Se consideraba un artista, lo que le dio una gran pasión por el diseño. Mientras construía la Macintosh original, a comienzos de 1980, insistía en que el diseño fuera más “amigable”, un concepto ajeno a los ingenieros de hardware de computación en aquella época. Su solución fue hacer que la Mac evocara un rostro humano, e incluso hizo que el borde superior de la pantalla fuera siempre delgado para que no se pareciera a la cara de un Neanderthal.
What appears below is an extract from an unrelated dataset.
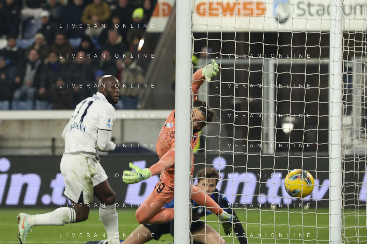 Romelu Lukaku of SSC Napoli scores a goal during Atalanta BC vs SSC Napoli, 21° Serie A Enilive 2024-25 game at Gewiss stadium in Bergamo (BG), Italy, on January 18, 2025. (Photo by Davide Casentini)-AGENZIA ALDO LIVERANI SAS
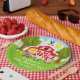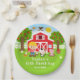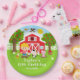 This cute and fun plate features a blonde hair boy with fair skin beside a red barn with a rooster wind vane. There are adorable farm animals such as a cow, pig and hen. In the background is a bright blue sky, apple trees, sunshine, butterflies and daisies. The text combines bold and sans serif fonts for a stylish and modern look. This is perfect for a farm themed birthday party.

Cuando él y su colaborador en el diseño, Jony Ive, construyeron la primera iMac en 1998, Ive decidió que tuviera una manija en la parte superior. Era más humorística que funcional: esa era una computadora de escritorio. No muchos iban a trasladarla de un lugar a otro. Pero comunicaba que uno no tenía que tenerle miedo a la máquina, que podía tocarla y ella responderia Los ingenieros objetaron que haría subir el costo, pero Jobs ordenó que se hiciera.



Su búsqueda de la perfección lo llevó a la compulsión por que Apple tuviera el control total de cada producto que fabricaba. A la mayoría de los fanáticos de la computación les gusta adaptar a su gusto, modificar y enchufar diversas cosas a sus computadoras. Para Jobs, eso era una amenaza.
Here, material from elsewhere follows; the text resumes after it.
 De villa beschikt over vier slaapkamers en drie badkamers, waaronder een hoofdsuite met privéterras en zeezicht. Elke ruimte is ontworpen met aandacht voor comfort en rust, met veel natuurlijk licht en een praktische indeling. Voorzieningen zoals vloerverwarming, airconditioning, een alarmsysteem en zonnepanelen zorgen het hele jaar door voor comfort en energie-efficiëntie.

Su socio original, Steve Wozniak, no estaba de acuerdo. Quería incluir ocho ranuras en la Apple II para que los usuarios pudieran conectar todos los periféricos y tableros de circuitos que quisieran. Jobs aceptó de mala gana. Pero años después, cuando construyó la Macintosh, Jobs la hizo a su manera. No había ranuras ni puertos adicionales, e incluso usó tornillos especiales para que los aficionados no pudieran abrirla y modificarla.


El afán de control de Jobs hacía que le diera urticaria, o algo peor, cuando veía el maravilloso software de Apple ejecutándose en el asqueroso hardware de otra compañía, y también era alérgico a la idea de que aplicaciones o contenido no aprobados contaminaran la perfección de un dispositivo Apple. Su capacidad para diseñar un sistema unificado le permitía imponer simplicidad. El astrónomo Johanes Kepler dijo que “la naturaleza ama la simplicidad y la unidad”. También las amaba Steve Jobs.
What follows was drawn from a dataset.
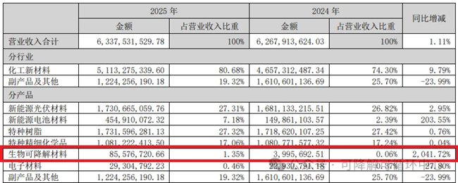 联泓新科是一家新材料产品和解决方案供应商,主要从事新能源材料、生物材料、电子材料、特种材料等新材料的研发、生产和销售。其中,生物材料作为重要发展方向,已投资布局 PLA、PPC 等全生物可降解材料。2025年,生物可降解材料营收85,576,720.66元,同比增长2041.72%,占营业比重1.35%。
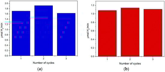 The stability and recyclability of the CD/TiO2 photocatalysts were also investigated through the cycling experiments that are exhibited in Figure 7. More specifically, a 3% w/w CD/TiO2 photocatalyst was used for three consecutive cycles in the presence of each sacrificial agent (ethanol and glycerol). Each cycle was carried out under the exact same conditions mentioned in Section 2.5. After each test, the photocatalyst was thoroughly washed with DI water. The recyclability study revealed that the photocatalyst exhibited consistent stability during its reuse for hydrogen production from both ethanol and glycerol. However, in both cases, there was an increment in the second cycle. This may have been due to the formation of intermediates during the process, which possibly enhanced the nanocomposite’s photocatalytic activity [52]. It is worth mentioning that the XRD spectra of the CD/TiO2 nanocomposites after the utilization of three consecutive cycles are presented in Figure S3. Based on the XRD results, there were no alterations in the crystal structure of the sample, proving the photocatalyst’s high stability.

En un mundo lleno de dispositivos aparatosos, software complicado e inescrutables mensajes de error, la insistencia de Jobs en un enfoque integrado consiguió productos asombrosos que se caracterizan por una deliciosa experiencias: usar un producto Apple podía ser tan sublime como caminar por uno de los jardines zen de Kyoto que Jobs amaba.

Hace unas semanas, visité a Jobs por última vez en su casa de Palo Alto. Se había trasladado a un dormitorio de la planta baja porque estaba demasiado débil para subir y bajar las escaleras. Cierto dolor lo tenía acurrucado pero su mente seguía siendo aguda y su humor vibrante. Hablamos de su infancia y me dio algunas fotos de su padre y su familia para que las usara en mi biografía. Como cronista, yo estaba acostumbrado a ser imparcial pero, cuando traté de despedirme, me asaltó la tristeza.

Para ocultar mi emoción, le pregunté por qué, durante cerca de cincuenta entrevistas y charlas lo largo de dos años, había estado tan dispuesto a abrirse para un libro cuando por lo general era tan reservado? “ Quería que mis hijos me conocieran” , me dijo. “No siempre estuve cerca de ellos, y quería que supieran por qué y que entendieran lo que hice.”